**Task directions:** Copy the records below in full and leave every image out of the copy.

**Supplied data:**
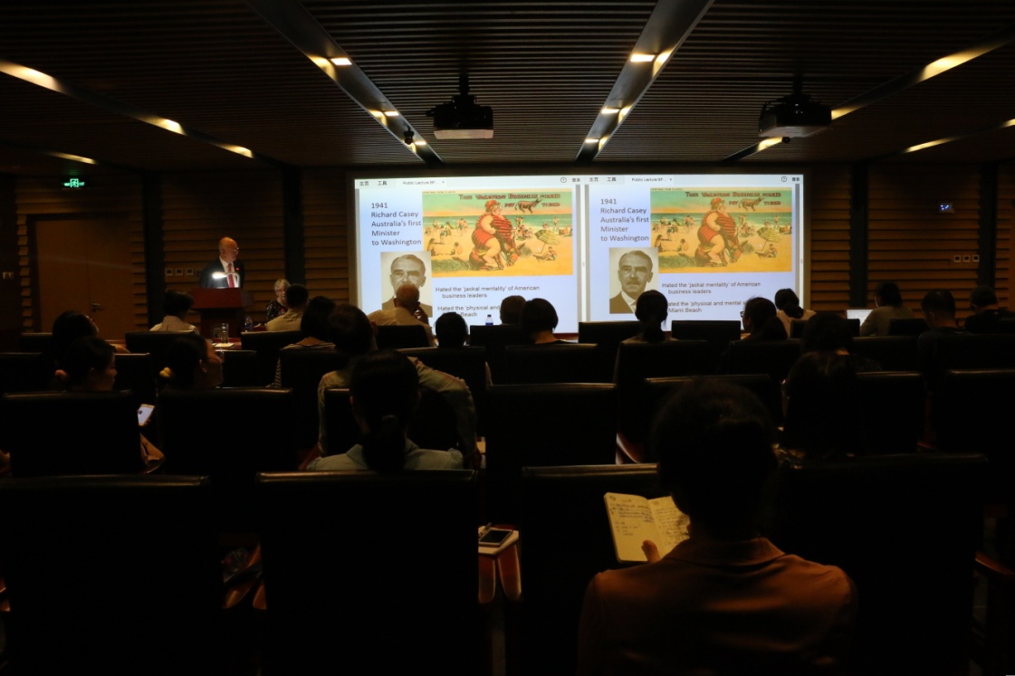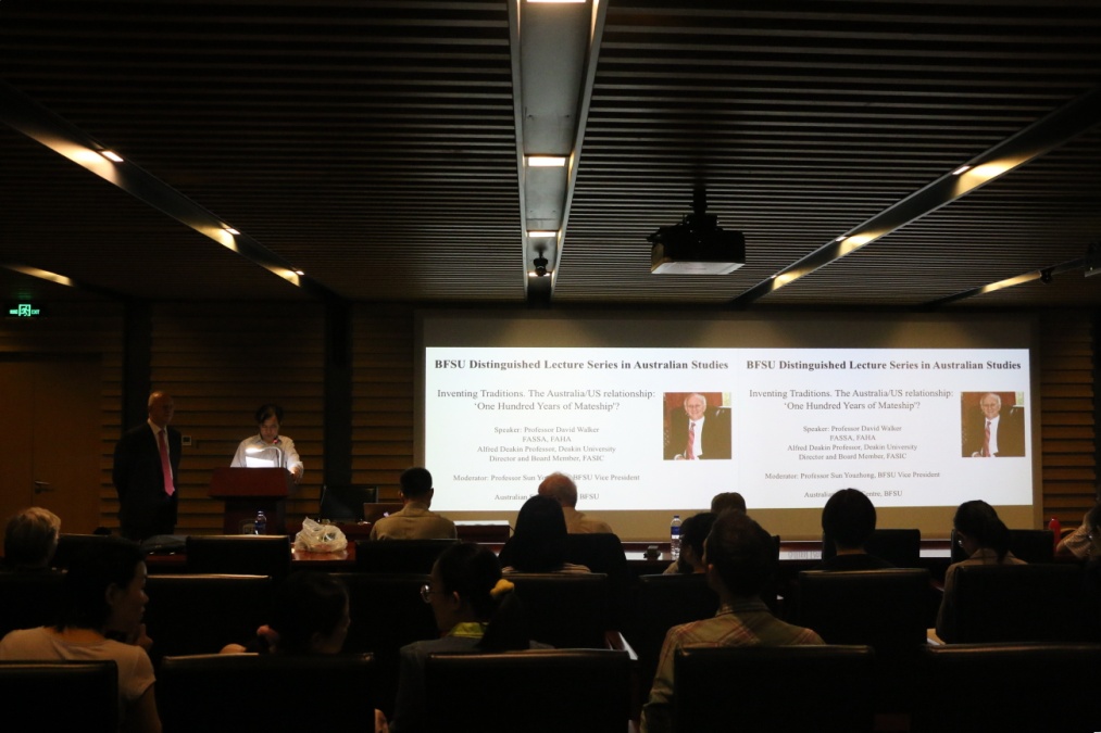——5月15日晚7点“北外澳研大讲堂”(BFSU Distinguished Lecture Series in Australian Studies)第一讲在北外图书馆四层学术报告厅隆重举行,我校客座教授、澳大利亚社会科学院院士、澳大利亚人文科学院院士、迪肯大学荣休教授大卫•沃克(David Walker)作了题为“澳美关系:100年的伙伴情谊?”(The Australia US Relationship: One Hundred Years of Mateship?)的讲座。讲座由jinnian金年会澳研中心主办,jinnian金年会副校长孙有中教授主持。
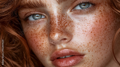 © imagineRbc, Fototapeta premium A young woman with freckled skin and vivid blue eyes gazes directly, highlighting her natural beauty and unique features
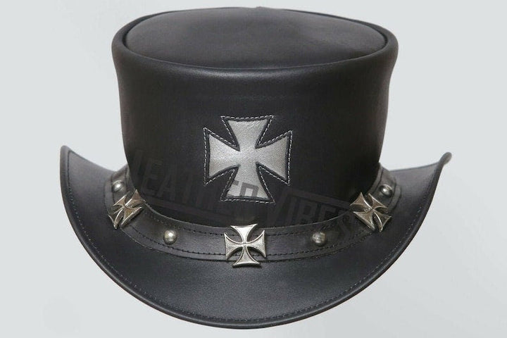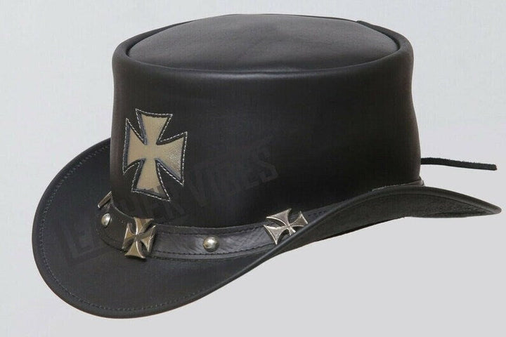 Crafted with black leather, this top hat showcases a bold and rebellious aesthetic. The standout feature is the chopper cross design, adding an element of ruggedness and individuality to your look.
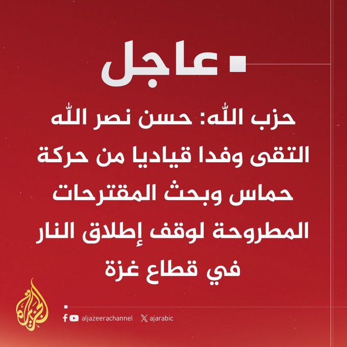 #عاجل | حزب الله: حسن نصر الله التقى وفدا قياديا من حركة حماس وبحث المقترحات المطروحة لوقف إطلاق النار في قطاع غزة #حرب_غزة
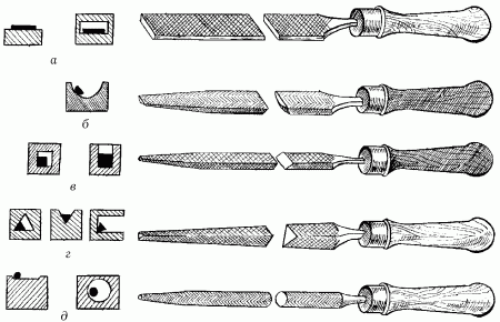 Рис. 9. Наиболее распространенные напильники и их применение: а – плоский; б – полукруглый; в – квадратный; г – трехгранный; д – круглый.
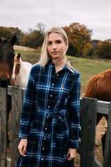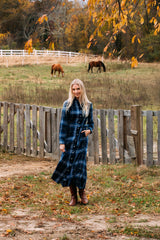 Our Cozy Cabin Flannel dresses are washed with a special process to preshrink them and make them buttery soft in order to ensure that this will be your favorite Fall dress for years to come. We've revised the fit this year to add a touch of length to the skirt and to make sure the dress fits just perfectly.
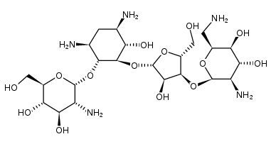 METABOLISM AMINOGLYCOSIDE ANTIBACTERIAL ANTIAMEBIC INTESTINAL ANTIINFECTIVES | ORAL | SOLUBILITY SOLUBLE IN WATER | RIBOSOMAL DECODING A-SITE BACTERIAL 16S RRNA PDB 5BR8 (AMBIENT-TEMPERATURE CRYSTAL STRUCTURE OF 30S RIBOSOMAL SUBUNIT FROM THERMUS THERMOPHILUS IN COMPLEX WITH PAROMOMYCIN) LIGAND CODE = PAR (link to the list of PDB complexes) Download experimental 3D coordinates of PAR with added hydrogens | Unknown more at DrugCentral | EMA ANSM (in French) Inxight Drugs Dailymed Drugs.com VigiAccess SIDER side effects Chemical Probes Portal ChEMBL BindingDB DrugBank |
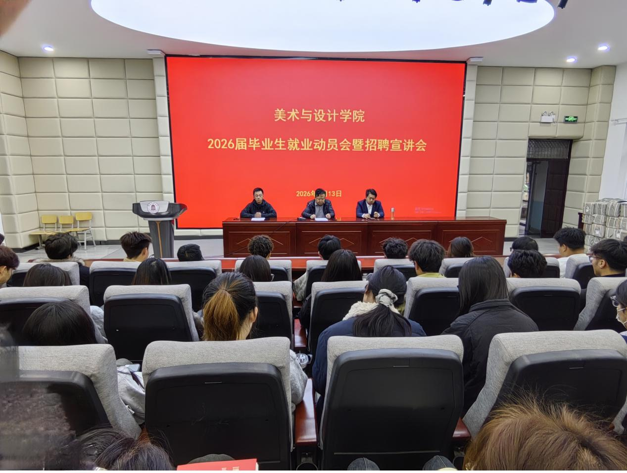 3月12日上午美术与设计学院在育心楼119报告厅召开2026届毕业生就业动员大会暨招聘宣讲会。解读就业政策、分析就业形势、指明求职路径,重点推介新疆就业市场,同步开展招聘宣讲,为毕业生就业护航。
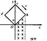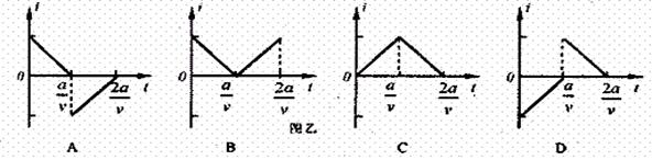 如图甲所示,在坐标系xoy中,有边长为a的正方形金属线框abcd,其一条对角线ac和y轴重合、顶点a位于坐标原点O处.在y轴的右侧的I,IV象限内有一垂直纸面向里的匀强磁场,磁场的上边界L与线框的ab边刚好重合,左边界与Y轴重合,右边界与y轴平行。t=0时刻,线圈以恒定的速度v沿垂直于磁场L边界的方向穿过磁场区域.取沿a→b的感应电流方向为正,则在线圈穿越磁场区域的过程中,感应电流i随时间t变化的图线是图乙中的( )
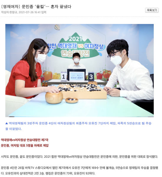 文敏钟四段一人击败了5名女队选手,被认为是新一代棋手的新锐强者。2019年和2021年分别在未来之星新锐和河灿锡国手杯英才最强赛中夺冠。
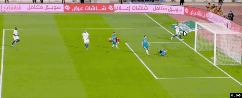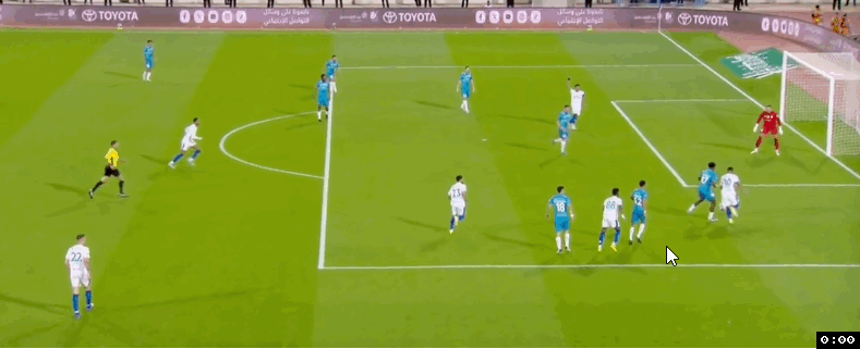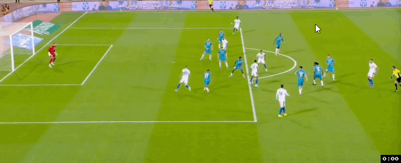 第69分钟,利雅得新月中路快速反击,本泽马禁区弧顶处插上突入禁区获得半单刀良机,本泽马投桃报李也给马尔科姆做了个好球,马尔科姆轻松将球挡入空门,利雅得新月4:0领先。4分钟后阿科多后场还失误送上大礼,马尔科姆断球后突入禁区轻松过掉豪萨维获得单刀机会,马尔科姆无私横传,多萨里将球挡入空门,利雅得新月5:0领先。补时阶段,利雅得新月快速反击,多萨里接球狂奔突到禁区弧顶处获得单刀机会,多萨里挤开回防球员冷静推射得手,利雅得新月将比分锁定在6:0。
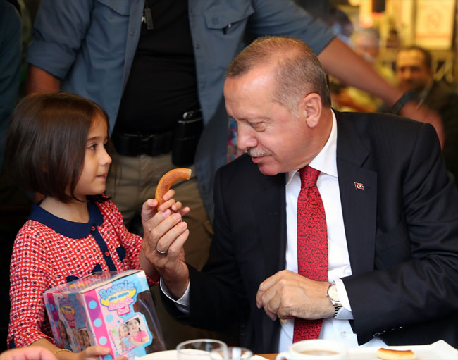 Esnaf ziyaretinde Cumhurbaşkanı Erdoğan bir süre caddede bulunan bir kafede vatandaşlarla çay içti. Erdoğan, burada bir çocukla ilgilenerek oyuncak hediye etti.
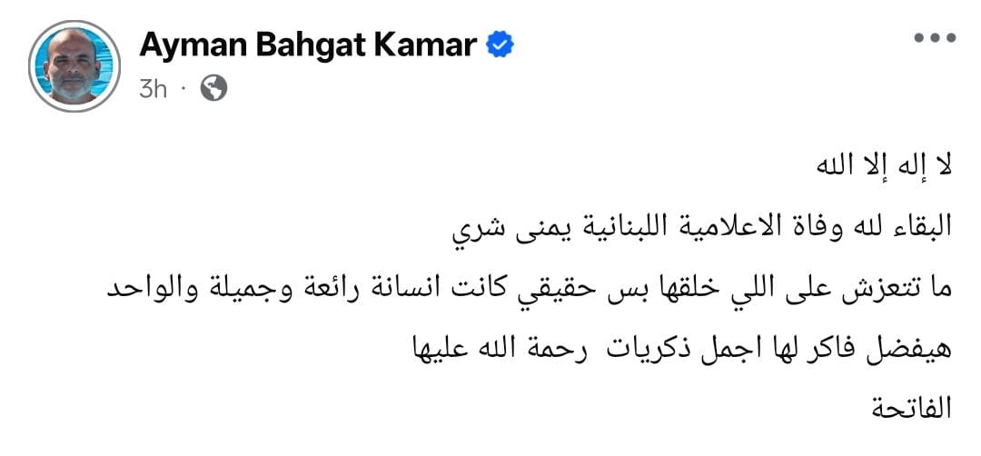 وكتب أيمن بهجت قمر من خلال حسابه الرسمي عبر موقع التواصل الاجتماعي "فيسبوك"، قال: "لاإله إلا الله.. البقاء لله وفاة الإعلامية اللبنانية يمنى شري.. ما تتعزش على اللي خلقها بس حقيقي كانت إنسانية رائعة وجميلة، الواحد هيفضل فاكر لها أجمل ذكريات.. رحمة الله عليها.. الفاتحة".

**Solution below:**
——5月15日晚7点“北外澳研大讲堂”(BFSU Distinguished Lecture Series in Australian Studies)第一讲在北外图书馆四层学术报告厅隆重举行,我校客座教授、澳大利亚社会科学院院士、澳大利亚人文科学院院士、迪肯大学荣休教授大卫•沃克(David Walker)作了题为“澳美关系:100年的伙伴情谊?”(The Australia US Relationship: One Hundred Years of Mateship?)的讲座。讲座由jinnian金年会澳研中心主办,jinnian金年会副校长孙有中教授主持。
 © imagineRbc, Fototapeta premium A young woman with freckled skin and vivid blue eyes gazes directly, highlighting her natural beauty and unique features
 Crafted with black leather, this top hat showcases a bold and rebellious aesthetic. The standout feature is the chopper cross design, adding an element of ruggedness and individuality to your look.
 #عاجل | حزب الله: حسن نصر الله التقى وفدا قياديا من حركة حماس وبحث المقترحات المطروحة لوقف إطلاق النار في قطاع غزة #حرب_غزة
 Рис. 9. Наиболее распространенные напильники и их применение: а – плоский; б – полукруглый; в – квадратный; г – трехгранный; д – круглый.
 Our Cozy Cabin Flannel dresses are washed with a special process to preshrink them and make them buttery soft in order to ensure that this will be your favorite Fall dress for years to come. We've revised the fit this year to add a touch of length to the skirt and to make sure the dress fits just perfectly.
 METABOLISM AMINOGLYCOSIDE ANTIBACTERIAL ANTIAMEBIC INTESTINAL ANTIINFECTIVES | ORAL | SOLUBILITY SOLUBLE IN WATER | RIBOSOMAL DECODING A-SITE BACTERIAL 16S RRNA PDB 5BR8 (AMBIENT-TEMPERATURE CRYSTAL STRUCTURE OF 30S RIBOSOMAL SUBUNIT FROM THERMUS THERMOPHILUS IN COMPLEX WITH PAROMOMYCIN) LIGAND CODE = PAR (link to the list of PDB complexes) Download experimental 3D coordinates of PAR with added hydrogens | Unknown more at DrugCentral | EMA ANSM (in French) Inxight Drugs Dailymed Drugs.com VigiAccess SIDER side effects Chemical Probes Portal ChEMBL BindingDB DrugBank |
 3月12日上午美术与设计学院在育心楼119报告厅召开2026届毕业生就业动员大会暨招聘宣讲会。解读就业政策、分析就业形势、指明求职路径,重点推介新疆就业市场,同步开展招聘宣讲,为毕业生就业护航。
 如图甲所示,在坐标系xoy中,有边长为a的正方形金属线框abcd,其一条对角线ac和y轴重合、顶点a位于坐标原点O处.在y轴的右侧的I,IV象限内有一垂直纸面向里的匀强磁场,磁场的上边界L与线框的ab边刚好重合,左边界与Y轴重合,右边界与y轴平行。t=0时刻,线圈以恒定的速度v沿垂直于磁场L边界的方向穿过磁场区域.取沿a→b的感应电流方向为正,则在线圈穿越磁场区域的过程中,感应电流i随时间t变化的图线是图乙中的( )
 文敏钟四段一人击败了5名女队选手,被认为是新一代棋手的新锐强者。2019年和2021年分别在未来之星新锐和河灿锡国手杯英才最强赛中夺冠。
 第69分钟,利雅得新月中路快速反击,本泽马禁区弧顶处插上突入禁区获得半单刀良机,本泽马投桃报李也给马尔科姆做了个好球,马尔科姆轻松将球挡入空门,利雅得新月4:0领先。4分钟后阿科多后场还失误送上大礼,马尔科姆断球后突入禁区轻松过掉豪萨维获得单刀机会,马尔科姆无私横传,多萨里将球挡入空门,利雅得新月5:0领先。补时阶段,利雅得新月快速反击,多萨里接球狂奔突到禁区弧顶处获得单刀机会,多萨里挤开回防球员冷静推射得手,利雅得新月将比分锁定在6:0。
 Esnaf ziyaretinde Cumhurbaşkanı Erdoğan bir süre caddede bulunan bir kafede vatandaşlarla çay içti. Erdoğan, burada bir çocukla ilgilenerek oyuncak hediye etti.
 وكتب أيمن بهجت قمر من خلال حسابه الرسمي عبر موقع التواصل الاجتماعي "فيسبوك"، قال: "لاإله إلا الله.. البقاء لله وفاة الإعلامية اللبنانية يمنى شري.. ما تتعزش على اللي خلقها بس حقيقي كانت إنسانية رائعة وجميلة، الواحد هيفضل فاكر لها أجمل ذكريات.. رحمة الله عليها.. الفاتحة".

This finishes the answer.